The Nestea European Championship Tour (or the European Beach Volleyball Tour) is a European beach volleyball tour organised by the European Volleyball Confederation (CEV). It is the highest ranked European series of beach volleyball tournaments.

The tour was previously known as the European Championship Tour, before the CEV 2003 signed a sponsorship deal with Nestea in 2003.

==Categories==
The European Tour consists of Satellite and Masters events, culminating with the European Beach Volleyball Championships. From the 2018 season onwards, the Satellite and Masters events have been merged into the FIVB World Tour, but are still organised by the CEV.

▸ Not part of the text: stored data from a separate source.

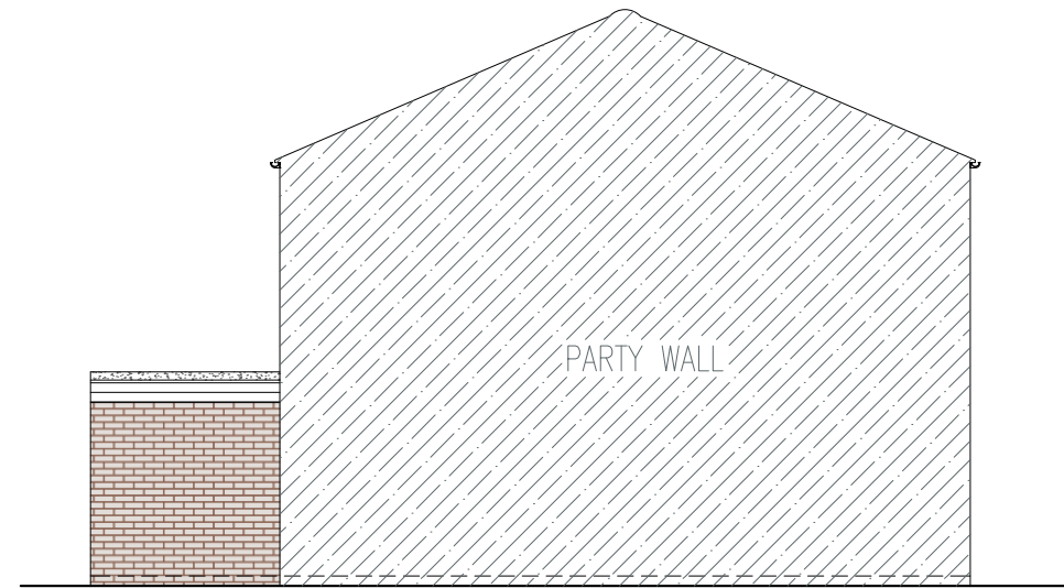
FLANK ELEVATION (SOUTH) SCALE 1:100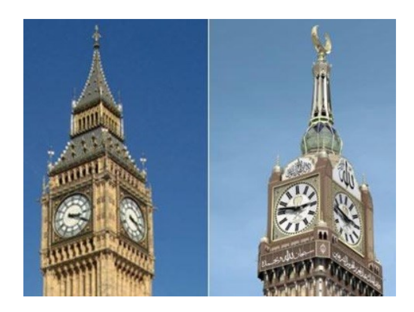
The little horn of Daniel 7 is the beast of Revelation 13: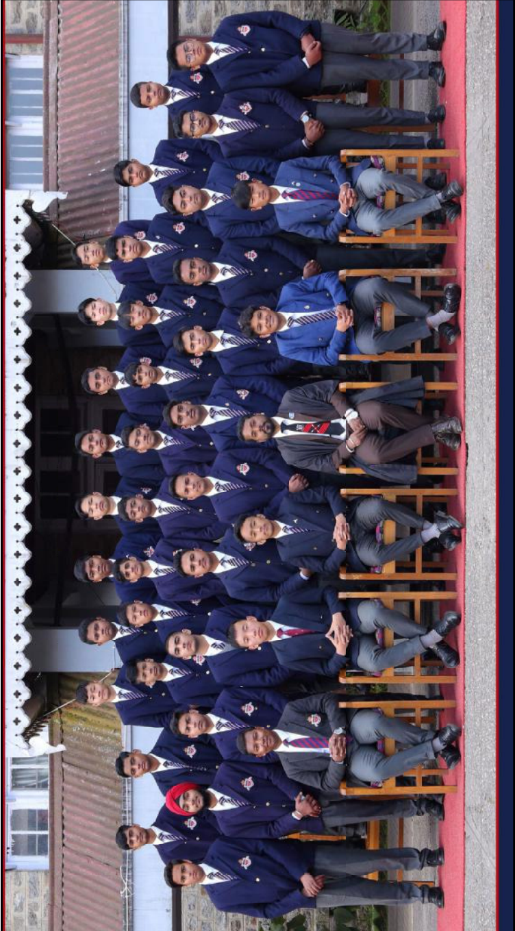
Art Club, 2022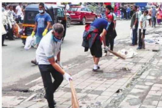
In a recent episode of "Mann Ki Baat," Modi appealed for "one hour of shramdaan for swachhata" on October 1, which would be a tribute to Mahatma Gandhi in the run-up to Swachh Bharat Diwas on October 2, 2023. The Ministry of Housing and Urban Affairs (MoHA) and the Department of Drinking Water and Sanitation, Ministry of Jal Shakti, launched the 'Swachhata Hi Seva' for eight days from September 16 which will conclude today on October 2. In collaboration with other ministries, to celebrate nine years of the Swachh Bharat Mission.

People from various backgrounds, including politicians and students, participated in an hour-long 'shramdaan' on Sunday in response to Prime Minister Narendra Modi's call for a nationwide cleanliness drive in Pune and Pimpri-Chinchwad.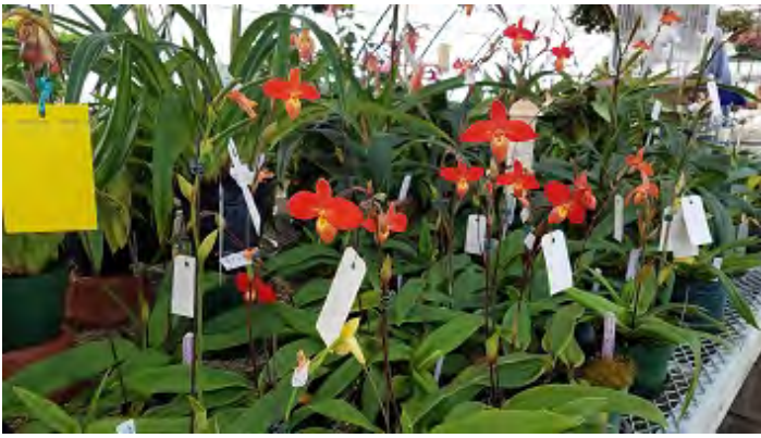
The besseae collection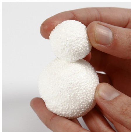
14 Place the balls on top of each other.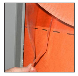
9. Line up both release films together so they can be pulled down the wall with one hand.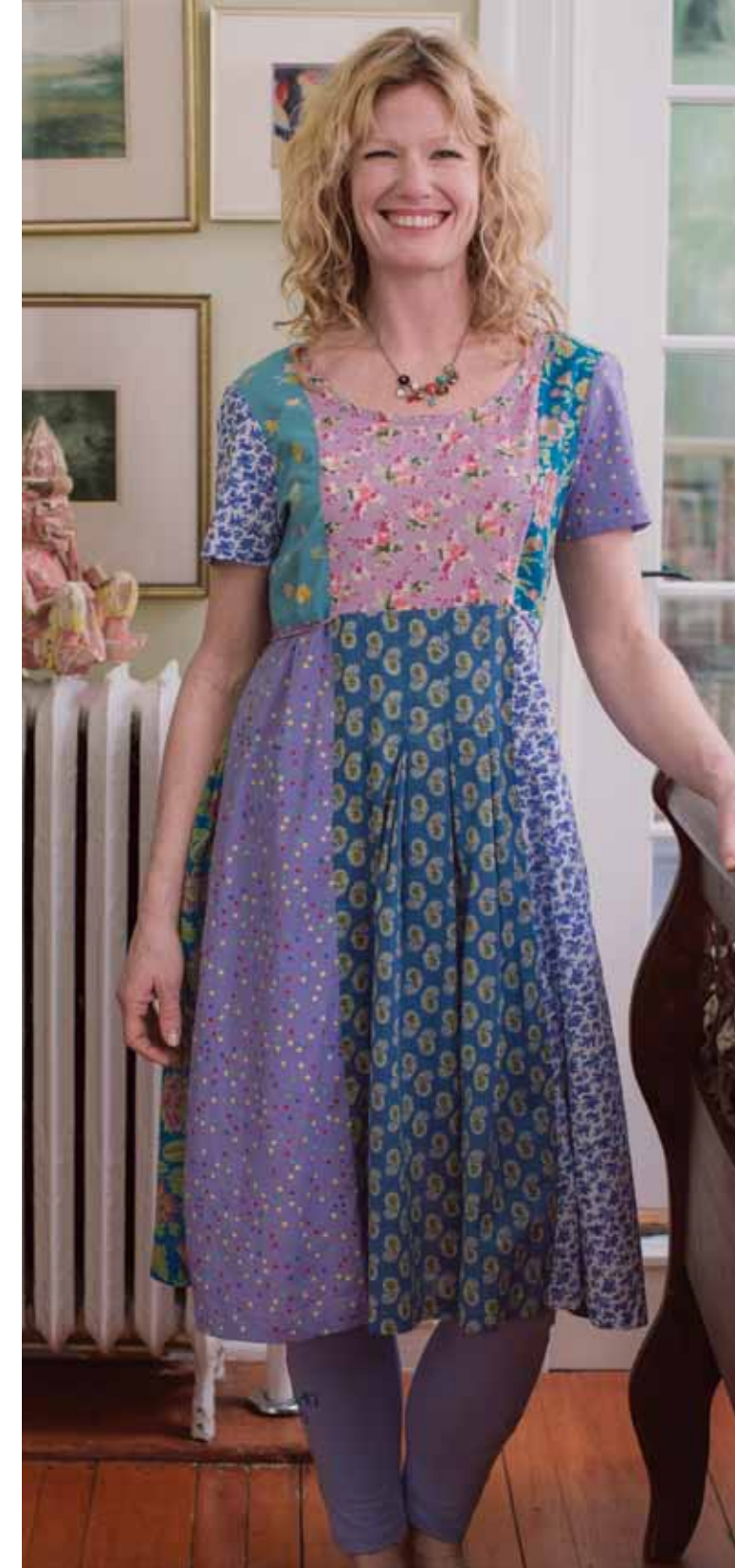
joni dress A carefree, joy filled style for a carefree, joy filled girl! Just right for a woman who still has a little "flower child" inside her and isn't afraid to show it. The Joni Dress is a tour de force, boasting no less than six of April's peerless, smile-inspiring floral prints for the season. Fabric tie. Imported cotton. DRA5172Y XS-XL $89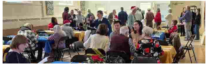
Lunch after Christmas Day Service 2025

===Challenger and Satellite===
The Challenger and Satellite events are a series of grassroots tournaments that serve as a developmental circuit for the FIVB World Tour. These tournaments award less prize money (€4,000–15,000) and FIVB ranking points than Masters events. The Challenger and Satellite circuit was previously organised by the FIVB, who handed over the organising of these events to the continental volleyball confederations in 2009.

===Masters===
In the 2017 season, Masters events awarded €25,000 in prize money per gender with a 12–16 team main draw.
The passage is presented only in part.